Last year, five people who visited the Stearns County fair reported getting sick. The Department of Health ran tests and could not confirm the fair as the source.

“The fair is full of food and full of animals, and the two don’t always go together with the little kids,” said Jackie Spoden-Bolz, with the Stearns County Fair.

The outbreaks are enough to get county fair organizers across the state to think about what to do. A visit to the barn to see baby chicks, ducks and goats doesn’t always translate into getting sick.
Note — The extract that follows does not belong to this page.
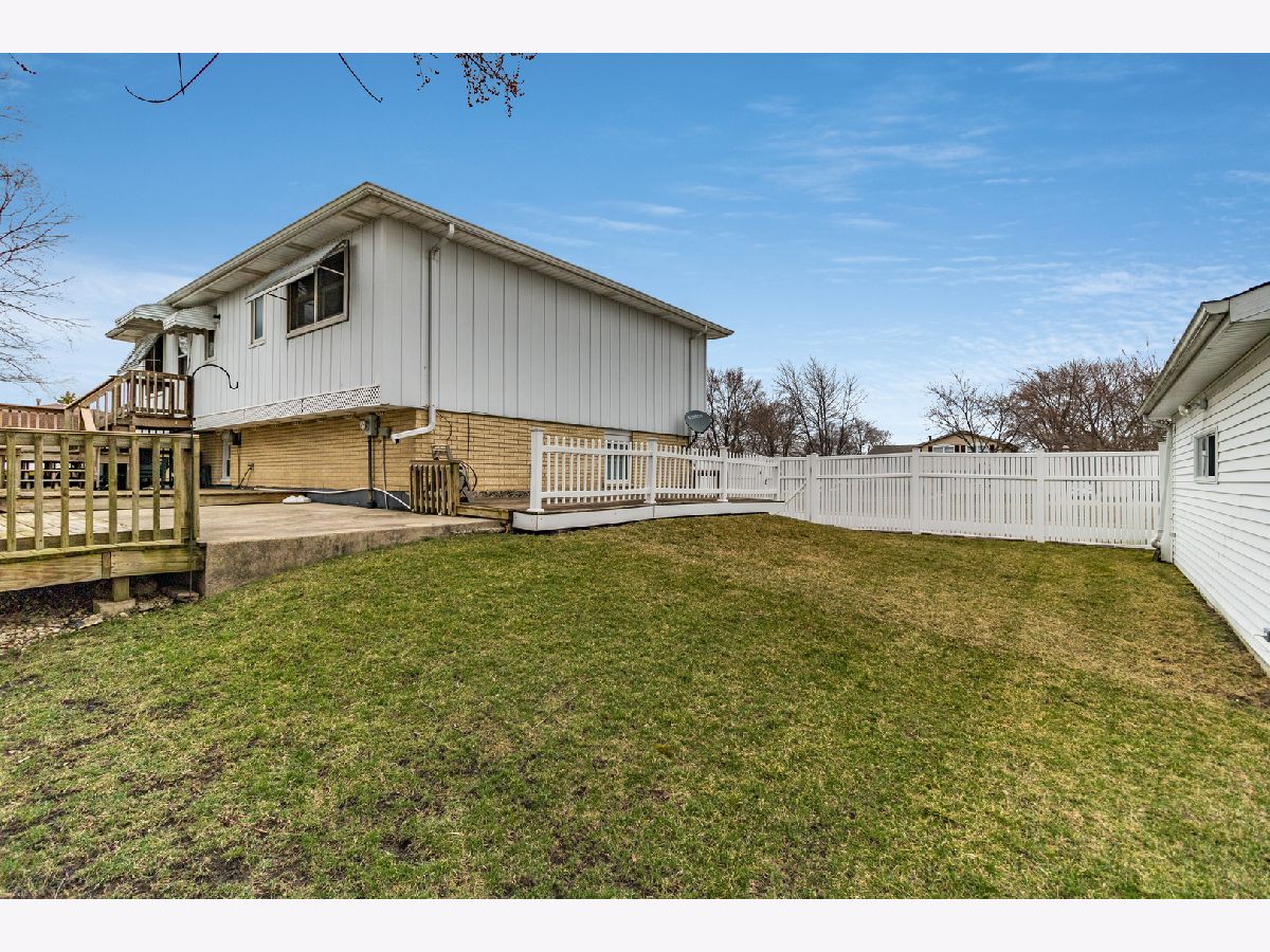 Welcome home to this very lovely and well maintained one-of-a-kind raised ranch with great curb appeal! 3 bedrooms, 2 full baths, 2.5 car garage with 1900 sq ft of living space. Maintenance free railing to front porch. Foyer with ceramic tile and oak railings. Main level with new carpeting features living room, very spacious kitchen with ceramic back-splash, large dining area, 3 bedrooms and large full bath with ceramic tile and spa tub. As you descend to lower level you will find a family room, office (currently utilized as 4th bedroom), full bath with ceramic tile & beautiful ceramic surround shower, laundry room, storage room and huge recreational room with exterior walk-out patio door access to extra driveway. The large side yard boasts maintenance-free fencing, huge double tier deck, side deck, outdoor shed and access to the 2.5+ detached garage. 2 driveways offer 4 additional parking spaces. Carpeting 2018, Furnace & A/C 2010, HWH 2018, Roof, Soffit, Fascia 2013, Leaf Guard on gutters 2016, Refrigerator 2017, Microwave 2018, Washer 2014, Dryer 2019, Fence, Garage 2000. Park/playground 3 blocks away. Only a mile to award winning Tinley Park District and short distance to shopping, restaurants.

The President of the Stearns County Fair, Vern Frericks, says when there has been an outbreak in the last few years, it’s been two to six people in each case.

“And if two people out of 40,000 get sick, you wonder what did they do differently than the rest of the fair goers,” he said.

The Federation of County Fairs, the State Fair Association and the Minnesota Department of Health are urging hand sanitizer and soap and water stations to the barns.

Connivance is the easiest way fairgoers will remember to protect themselves from the bacteria.

The Minnesota State Fair has even added a new handwashing station to the food building as an extra reminder to stay healthy.

Other reminders include: leave your food and drinks outside of the barn and put your children’s pacifiers away.

“I can’t see those agriculture, animal exhibits and livestock in the barns ever going away,” Brienna Schutte with the State Fair said. “That’s kind of the magic of the State Fair — bringing the modern agriculture story to life.”

The Minnesota State Fair had no reported cases of E. coli last year.

Schutte said an independent company looked at their livestock barns and found their practices are consistent in helping keep people safe.